▶ [RECORDS FOR THE EXERCISE]:
——————————
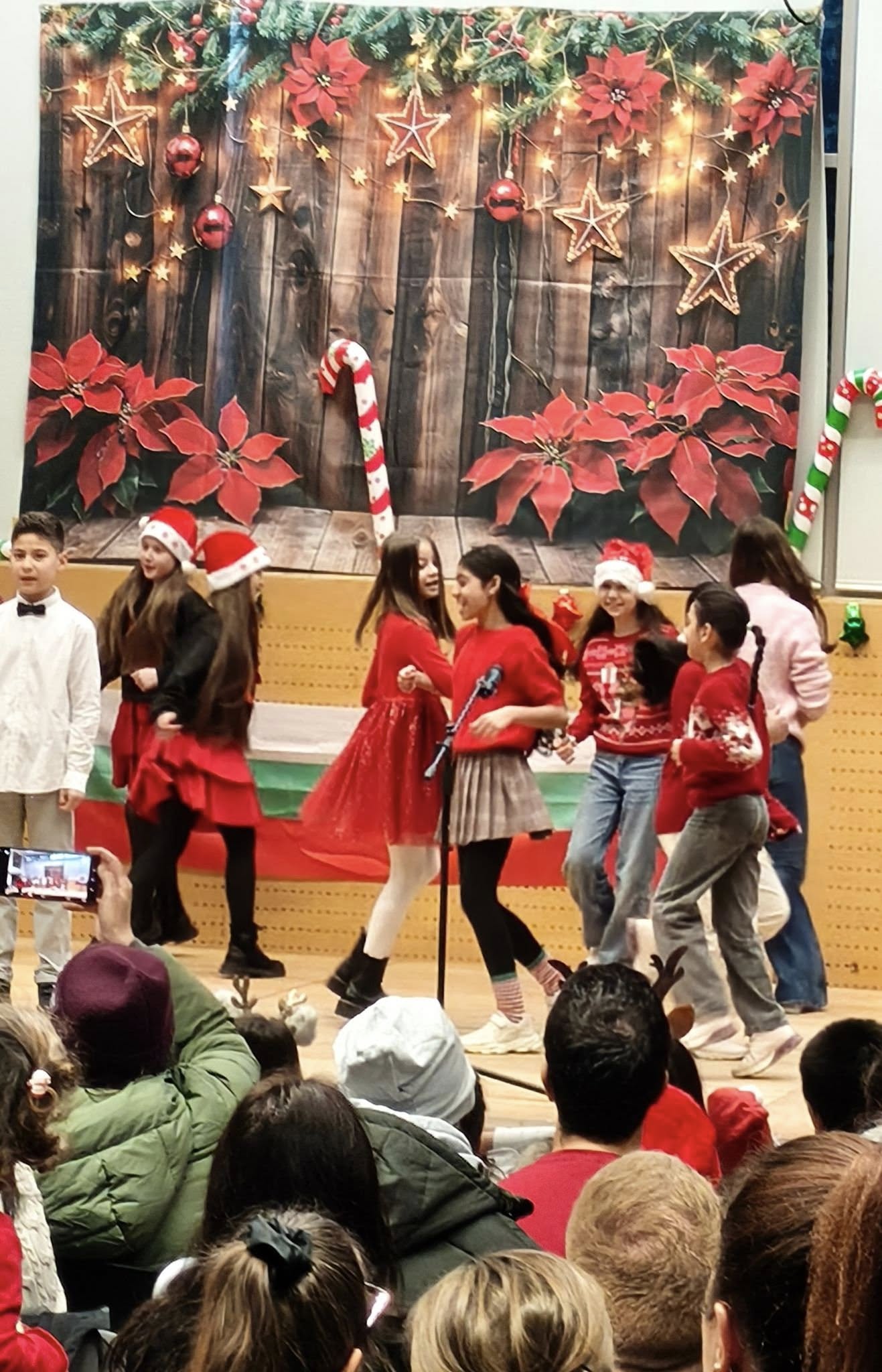 Празничната програма беше богата и разнообразна – звучаха коледни песни, сцената оживя с танци на снежинки и звънчета, а веселите коледни шапчици допълниха магията на празника. Учениците от 3-ти клас представиха театралната постановка „Дядовата ръкавичка“, която впечатли публиката с артистичност и искрено детско присъствие.
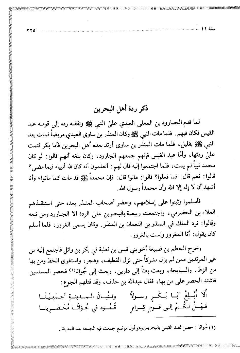 وخرج الحطم بن ضبيعة أخو بني قيس بن ثعلبة في بكر بن وائل فاجتمع إليه من غير المرتدين ممن لم يزل مشركا حتى نزل القطيف وهجر واستغوى الخط ومن بها من الزط والسبابحة وبعث بعثا إلى دارين وبعث إلى جواثا فحصر المسلمين فاشتد الحصر على من بها فقال عبد الله بن حذف وقد قتلهم الجوع
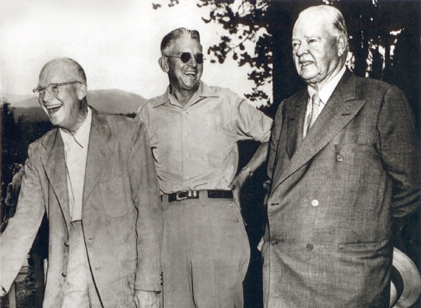 President Eisenhower, Carl Norgren, and President Hoover enjoy a delightful rendezvous at Byers Peak Ranch, also known as the Western White House, circa 1954.
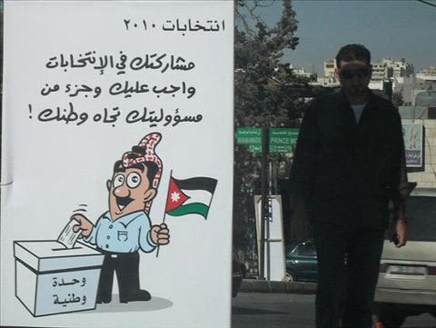 One of their posters provoked controversy regarding the government's intention in its use. It depicts a well-known Jordanian caricaturian character casting his ballot in a "national unity" ballot box.
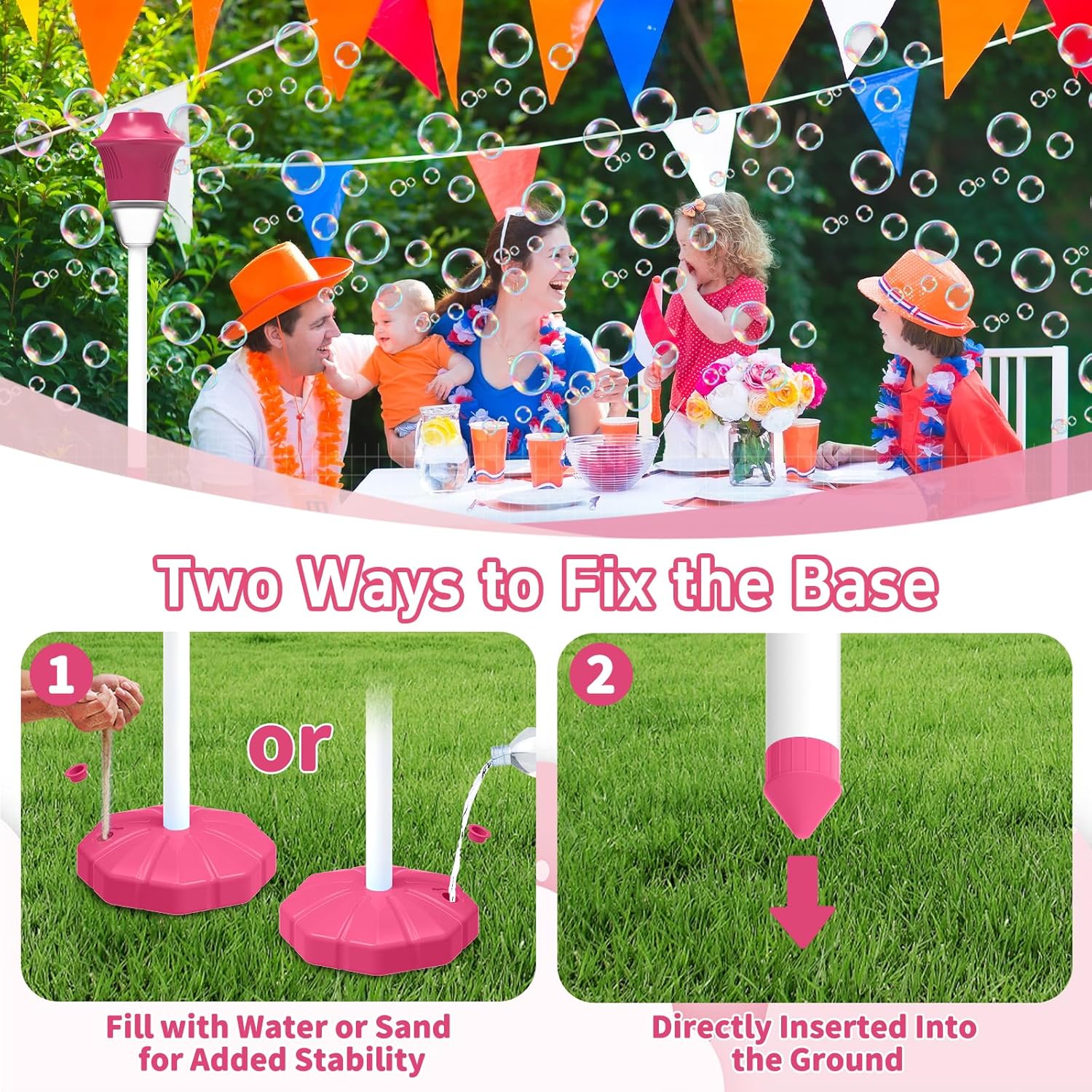- tay secure with two setup options: fill the base with water or sand for weight, or insert the stand directly into the ground. This bubble machine stays secure while running, even on uneven outdoor surfaces.
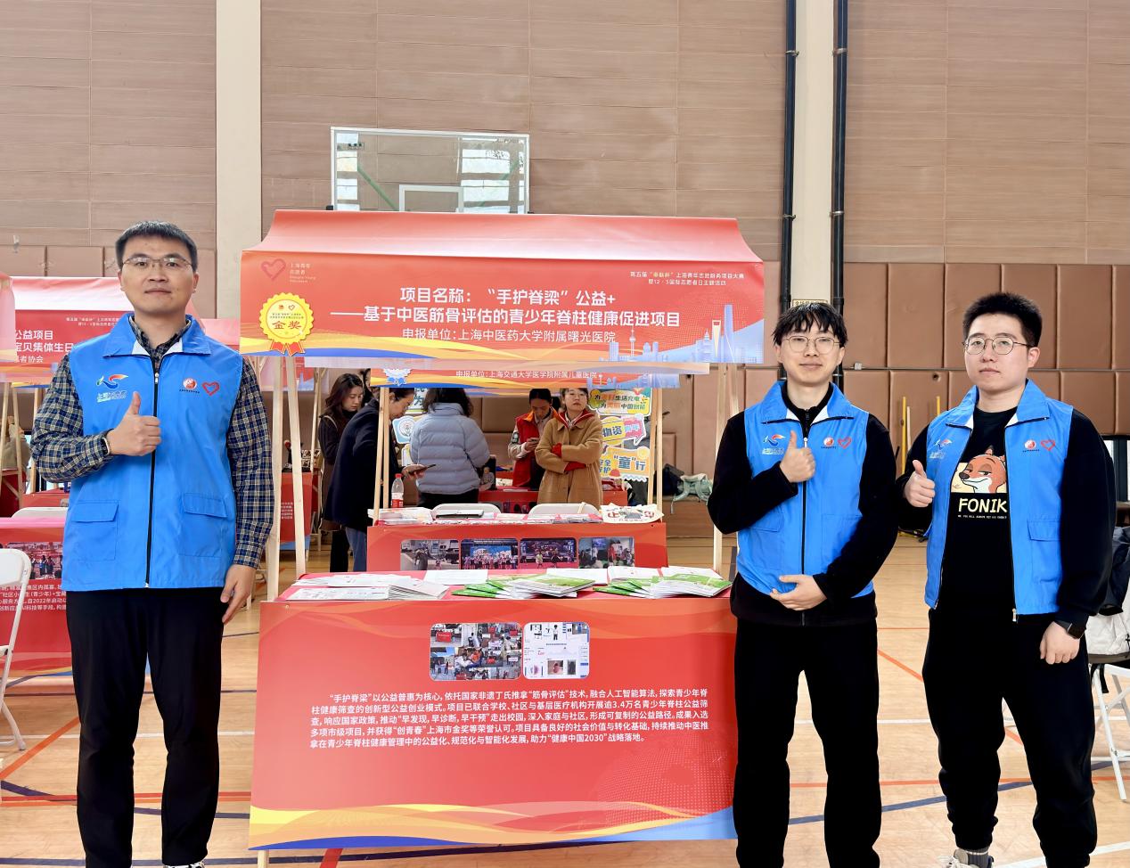项目简介:“手护脊梁”以公益普惠为核心,依托天游ty8线路检测中心登录附属曙光医院推拿科“筋骨评估”技术,融合人工智能算法,探索青少年脊柱健康筛查的创新型公益创业模式。项目已联合学校、社区与基层医疗机构开展逾3.4万名青少年脊柱公益筛查,响应国家政策,推动“早发现,早诊断,早干预”走出校园,深入家庭与社区,形成可复制的公益路径。成果入选多项市级项目,并获得“创青春”上海市金奖等荣誉认可。项目具备良好的社会价值与转化基础,持续推动中医推拿在青少年脊柱健康管理中的公益化、规范化与智能化发展,助力“健康中国2030”建设。
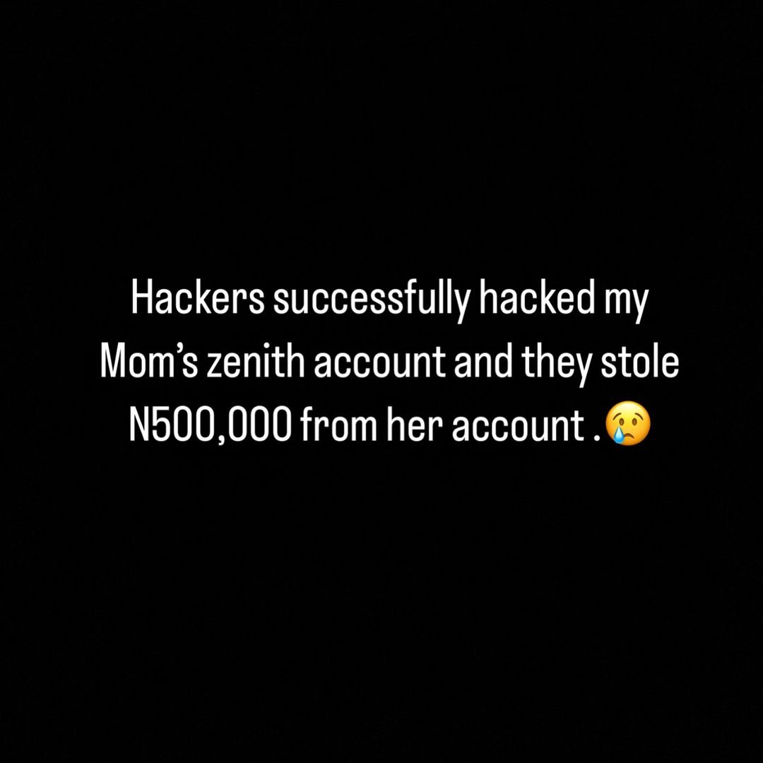 She wrote with a crying emoji, “Hackers successfully hacked my mom’s Zenith account and they stole N500,000 from her account.”
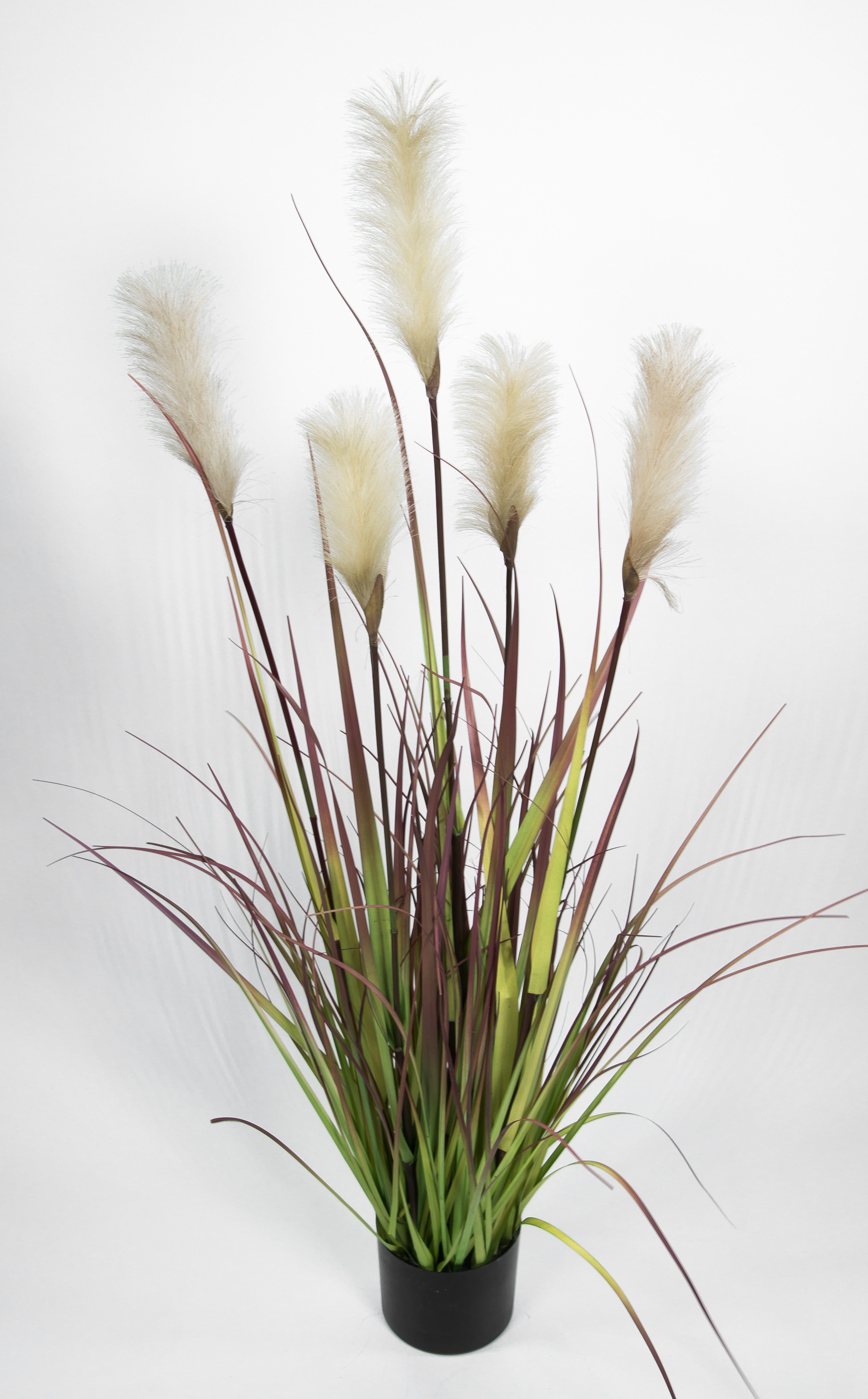 An dieser Kunstpflanze sind sehr viele unterschiedlich farbige Gräser und 5 lange flauschige Blüten verarbeitet.
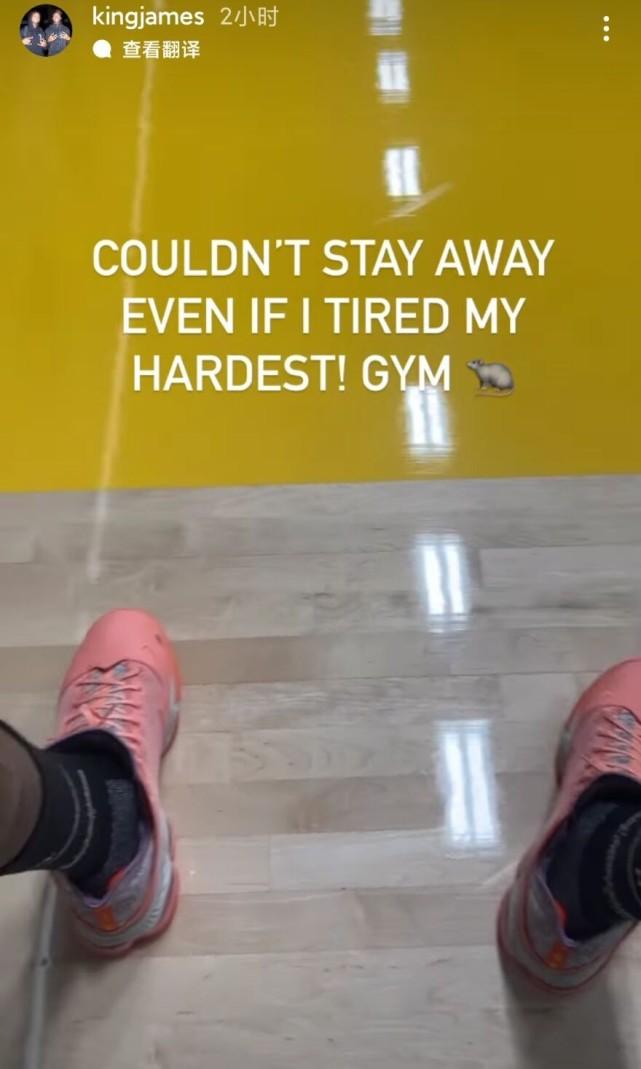 24直播网04月16日讯 ,詹姆斯更新社媒,晒出了自己在球场训练的动态,配文写道:“即使再累我也不能远离(训练)!球馆耗子。”在英语中,“球馆耗子”指的是训练狂人,詹姆斯自称“球馆耗子”,也是表达了自己一刻也离不开训练馆的心情。
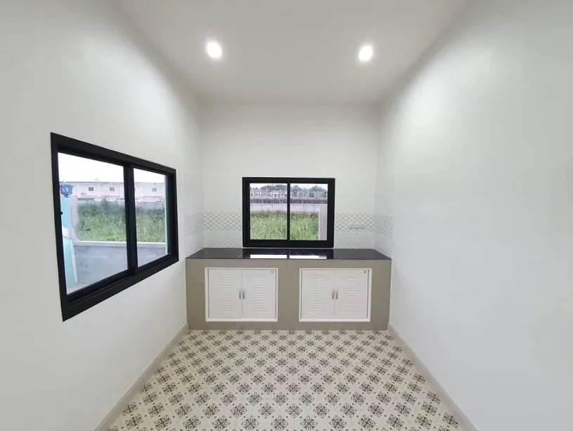 บริเวรห้องครัวมีการติดตั้งเค้าเตอร์ไว้เก็บถ้วนจาน บริเวณหน้าต่าง ปูพื้นด้วยกระเบื้องลายดอกไม้ ผนังของห้องครัวนั้นใช้โทนสีขาว
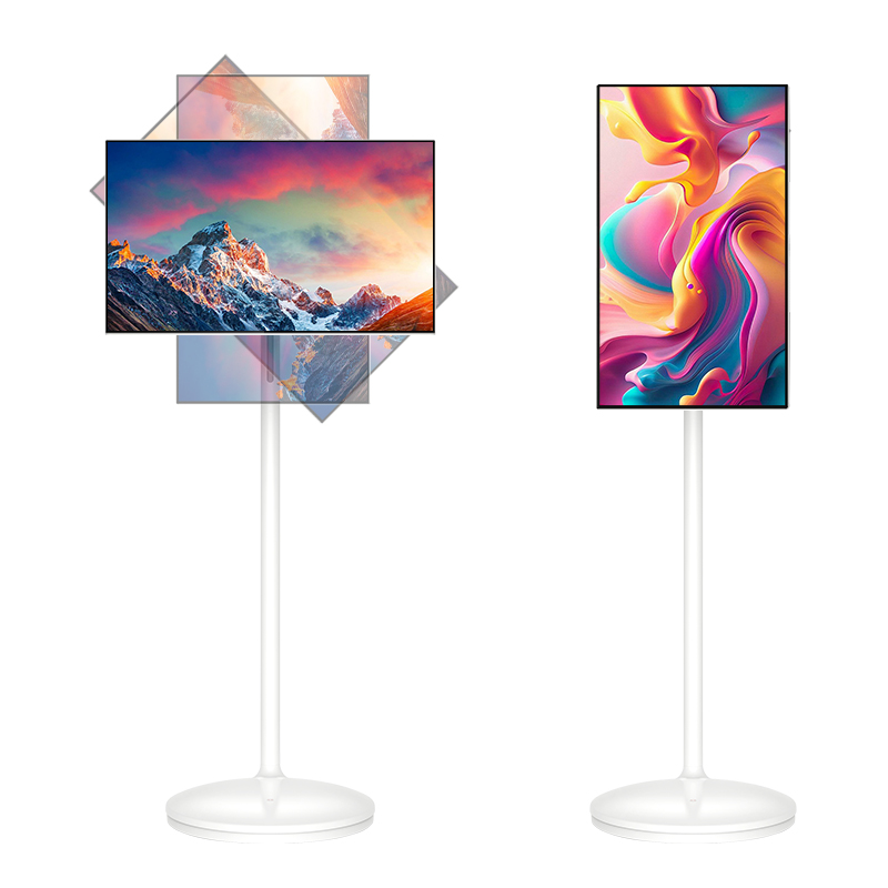 Android-powered portable smart TV with built-in battery, capacitive touch screen, and rolling wheels. Features 4+64GB storage, WiFi & Bluetooth connectivity, and 8MP camera. Ideal for home, kitchen, fitness, and outdoor use.
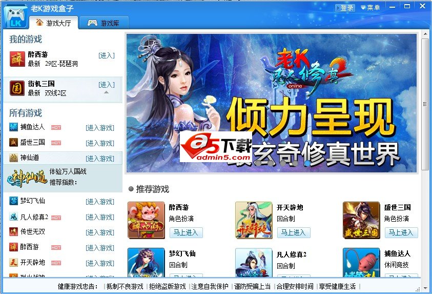 老K游戏盒提供海量的网页游戏、棋牌游戏、单机游戏、下载、充值、试玩等娱乐功能服务;通过老K游戏盒子可轻松登录老K页游推出的数十款热门网页游戏,且无需区记录和收藏游戏服务器地址,若是钟爱中国传统棋牌游戏,也可通过老K游戏盒子在线下载试玩,体验斗地主、射龙门、血战麻将等经典传统棋牌。所有提供的游戏资源,经由老K游戏专业开发评测团队开发及选择,致力于为各位玩家爱提供更丰富、更便捷、更轻松的游戏环境,为您的游戏生活添加新的光彩。
——————————
▶ [WHAT IS BEING ASKED]:
With the pictures removed, write out exactly the lines from the line containing "An dieser Kunstpflanze" through the last line of the material above, both included.

▶ [RESULT]:
 An dieser Kunstpflanze sind sehr viele unterschiedlich farbige Gräser und 5 lange flauschige Blüten verarbeitet.
 24直播网04月16日讯 ,詹姆斯更新社媒,晒出了自己在球场训练的动态,配文写道:“即使再累我也不能远离(训练)!球馆耗子。”在英语中,“球馆耗子”指的是训练狂人,詹姆斯自称“球馆耗子”,也是表达了自己一刻也离不开训练馆的心情。
 บริเวรห้องครัวมีการติดตั้งเค้าเตอร์ไว้เก็บถ้วนจาน บริเวณหน้าต่าง ปูพื้นด้วยกระเบื้องลายดอกไม้ ผนังของห้องครัวนั้นใช้โทนสีขาว
 Android-powered portable smart TV with built-in battery, capacitive touch screen, and rolling wheels. Features 4+64GB storage, WiFi & Bluetooth connectivity, and 8MP camera. Ideal for home, kitchen, fitness, and outdoor use.
 老K游戏盒提供海量的网页游戏、棋牌游戏、单机游戏、下载、充值、试玩等娱乐功能服务;通过老K游戏盒子可轻松登录老K页游推出的数十款热门网页游戏,且无需区记录和收藏游戏服务器地址,若是钟爱中国传统棋牌游戏,也可通过老K游戏盒子在线下载试玩,体验斗地主、射龙门、血战麻将等经典传统棋牌。所有提供的游戏资源,经由老K游戏专业开发评测团队开发及选择,致力于为各位玩家爱提供更丰富、更便捷、更轻松的游戏环境,为您的游戏生活添加新的光彩。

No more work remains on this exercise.